Other Computational Models

  • Finite Automata: Thompson and Dillies (Lean), regular expression formalization
  • Turing Machines: Implementations in multiple proof assistants, with recent work by Balbach even proving the Cook-Levin theorem
  • Lambda Calculus: Norrish (HOL4), Forster et al. (Coq)
  • Partial Recursive Functions: Norrish (HOL4), Carneiro (Lean)

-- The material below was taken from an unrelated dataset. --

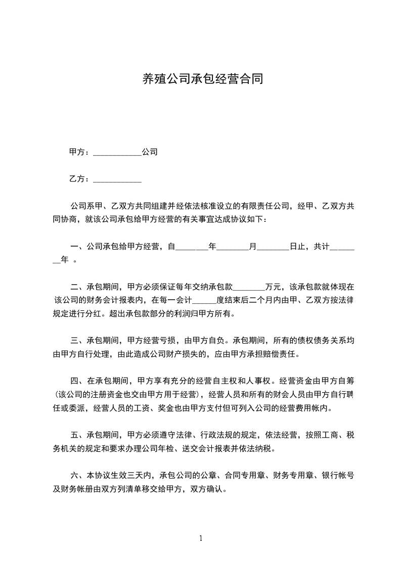 一、公司承包给甲方经营,自________年________月________日止,共计________年 。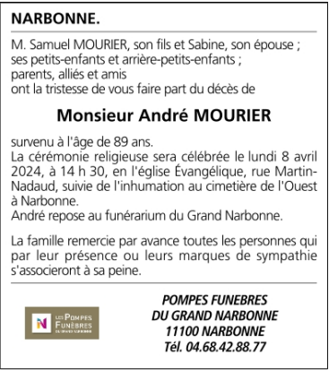 Décédé à Narbonne (11100, France) le jeudi 4 avril 2024 à l'âge de 89 ans

Conclusions and Discussion

Main Conclusions

  1. Grammars Superior to Turing Machines: For closure property proofs, grammars may be more convenient than Turing machines
  2. Feasibility of Formalization: Complex formal language theory results can be successfully formalized in modern proof assistants
  3. Importance of Abstraction: Good abstractions (such as lifted_grammar) are crucial for large-scale formalization

Limitations

  1. Complexity Classes: Grammars cannot define important complexity classes (such as P), still requiring models like Turing machines
  2. Constructivity: The authors did not attempt to make the development constructive
  3. Intersection Closure: Intersection closure was not formalized due to lack of knowledge of elegant grammar-based constructions

Future Directions

  1. Complete Chomsky Hierarchy: Incorporate context-sensitive, context-free, and regular grammars into the library
  2. Equivalence Proofs: Attempt to prove equivalence between general grammars and Turing machines
  3. Integration with mathlib: Connect mathlib results on regular languages to this library

In-Depth Evaluation

Strengths

  1. Pioneering Work: First complete formalization of general grammars, filling an important gap
  2. Technical Innovation: The original Kleene star construction demonstrates profound theoretical expertise
  3. Engineering Quality: 12,500 lines of high-quality code with excellent abstract design
  4. Theoretical Contribution: Demonstrates that grammar-based approaches are superior to Turing machine methods in certain cases
  5. Reusability: Abstractions like lifted_grammar provide foundations for subsequent work

Weaknesses

  1. Limited Expressiveness: Cannot handle important concepts in complexity theory
  2. Missing Constructivity: Does not address requirements of constructive mathematics
  3. Incompleteness: Lacks treatment of important operations such as intersection
  4. Documentation: Explanations of certain technical details could be more thorough

Impact

  1. Theoretical Significance: Establishes foundations for machine verification of formal language theory
  2. Methodological Value: Demonstrates best practices for large-scale formalization projects
  3. Community Contribution: Open-source codebase will facilitate related research
  4. Educational Value: Serves as an excellent case study for learning formalization methods

Applicable Scenarios

  1. Theoretical Computer Science: Research in language theory and automata theory
  2. Formal Mathematics: Mathematical research requiring rigorous proofs
  3. Compiler Verification: Correctness assurance for parsing and language processing
  4. Education: Supplementary materials for formal language courses

References

The paper cites 26 important references, covering:

  • Classical textbooks: Aho & Ullman's parsing theory, Hopcroft et al.'s automata theory
  • Formalization work: Implementations of computational models in various proof assistants
  • Tool documentation: Relevant materials for Lean 3 and mathlib

Summary: This is a high-quality theoretical computer science paper that makes important technical contributions and provides valuable experience in formalization methodology. The authors' work establishes a solid foundation for constructing a complete formalized Chomsky hierarchy and holds significant value for both the formal language theory community and the proof assistant community.